Visualizing Monty-Hall problem

Today, I am going to write about the Monty-Hall problem simulation I ran programmatically. What is this Monty-Hall problem you may ask?

According to Wikipedia,

The Monty Hall problem is a brain teaser, in the form of a probability puzzle, loosely based on the American television game show Let's Make a Deal and named after its original host, Monty Hall. The problem was originally posed (and solved) in a letter by Steve Selvin to the American Statistician in 1975 (Selvin 1975a), (Selvin 1975b)

Let's look at the problem definition taken - again from Wikipedia,

Suppose you're on a game show, and you're given the choice of three doors: Behind one door is a car; behind the others, goats. You pick a door, say No. 1, and the host, who knows what's behind the doors, opens another door, say No. 3, which has a goat. He then says to you, "Do you want to pick door No. 2?" Is it to your advantage to switch your choice?

Looking at the problem description what do you think? Should you switch? Or the game show host is just trying to trick you into switching? However, as depicted with Simple Solution and more formal probabilistic proof, the probability of winning is 2/3 after switching as compared to non-switching.

Let's look at the outcome of simulation in two conditions

1. The probability of winning when no switch is made
2. The probability of winning when the choice is switched

1. The probability of winning when no switch is made

First, we will generate as much real situation as possible with random function and selection of choices,

Let's maintain an array of size 3 which will be initialized with all 0 values. Every index of this array indicates either goat or a car.

Value of 0 at index i indicates the presence of goat at door i. Similarly, the value of 1 at index i indicates the presence of car at door i. For this example, there will be exactly one car in the given array and rest of the positions will be filled by a goat.

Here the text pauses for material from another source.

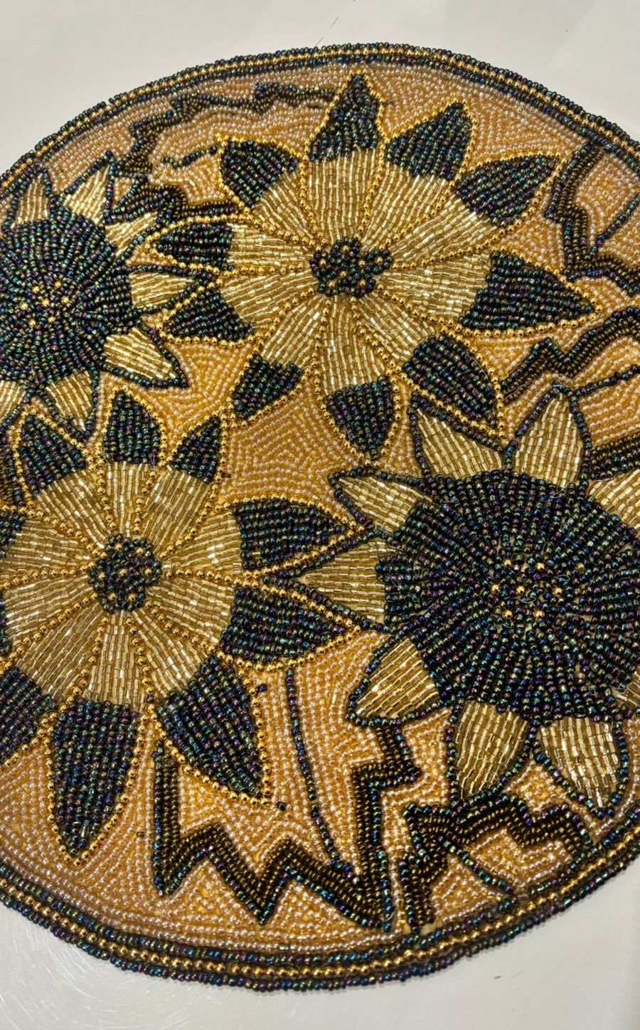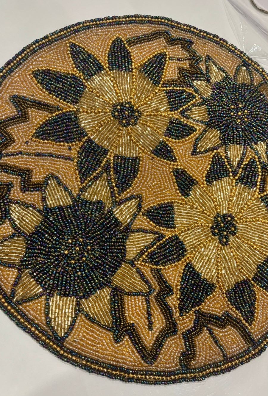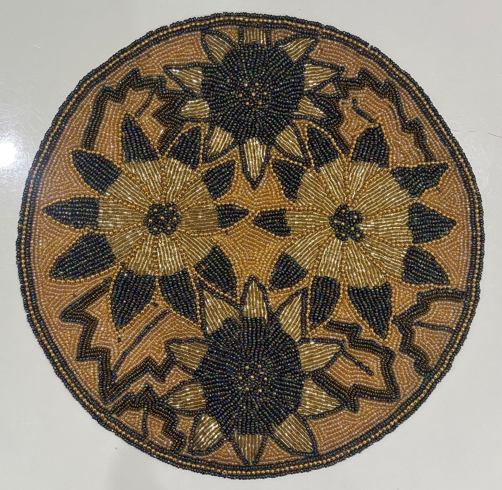 Bring timeless elegance to your dining space with this exquisitely handcrafted table mat, inspired by radiant sunflower motifs. Intricately hand-beaded with shimmering gold, deep black, and antique bronze tones, this round mat showcases exceptional artisan detailing and rich texture. The layered floral design creates a striking centerpiece that elevates everyday dining as well as festive table settings.

// Let's initialize it with all goats
var myDoors: [Int] = [0, 0, 0]

Next, we want to run this simulation several times. In this case, I will run this experiment 100 times to get a percentage of a win when no switch is made.

for _ in 0..<100 {
    // Simulation code goes here
}

Similar to the game show, we will generate a random number between and including 0 and 2. This represents where the car will be placed. The contestant is unaware of this position, but we know the host is.

We will set the value at that index to 1 and set to 0 for rest of 2 positions.

for _ in 0..<100 {
    let carPosition = Int(arc4random_uniform(3))
    myDoors[carPosition] = 1

    for i in 0..<3 {
        if i == carPosition { continue }
            myDoors[i] = 0
        }
    }
}

Next, we will generate another random number between the same range of 0 and 2. This number represents the choice selected by the contestant,

let selectedPosition = Int(arc4random_uniform(3))

Now, we will use this number as an index and check if the value of the array at that position is 1. Since contestant, in this case, does not switch, it's their final choice and will decide the winner,

let selectedPrize = myDoors[selectedPosition] == 1
if selectedPrize {
    print("You won the game")
} 

Now here's the full code and let's run it 100 times and see how many times it prints that magic text You won the game,

var myDoors: [Int] = [0, 0, 0]
for _ in 0..<100 {
    let carPosition = Int(arc4random_uniform(3))
    myDoors[carPosition] = 1

    for _ in 0..<3 {
        if i == carPosition { continue }
        myDoors[i] = 0
    }

    let selectedPosition = Int(arc4random_uniform(3))
    let selectedPrize = myDoors[selectedPosition] == 1
    if selectedPrize {
        print("You won the game")
    }
}

After running it multiple times, it prints You won the game between 30-34 times. So on an average chance of winning a car are 1/3 when the contestant does not switch.

2. The probability of winning when the choice is switched

This is the second case when contestant make the first choice, but will switch when the host opens another door and reveals a goat behind it (Remember, the host knows which door has a car behind it so he will never open the door with the car)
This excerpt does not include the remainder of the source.